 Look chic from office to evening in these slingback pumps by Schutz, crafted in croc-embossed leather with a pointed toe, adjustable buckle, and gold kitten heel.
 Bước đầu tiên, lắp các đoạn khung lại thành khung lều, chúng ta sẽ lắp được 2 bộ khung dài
——
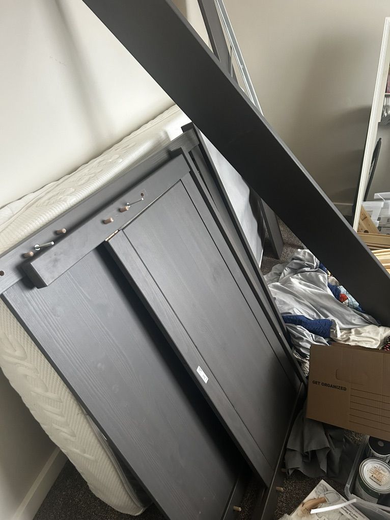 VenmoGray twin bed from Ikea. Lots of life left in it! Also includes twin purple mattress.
——
* **What the task requires**: When you reach the line holding "Look chic from" in the records above, begin reproducing exactly, stop after the line holding "Bước đầu tiên, lắp", and output nothing else.

* **Written answer**:
 Look chic from office to evening in these slingback pumps by Schutz, crafted in croc-embossed leather with a pointed toe, adjustable buckle, and gold kitten heel.
 Bước đầu tiên, lắp các đoạn khung lại thành khung lều, chúng ta sẽ lắp được 2 bộ khung dài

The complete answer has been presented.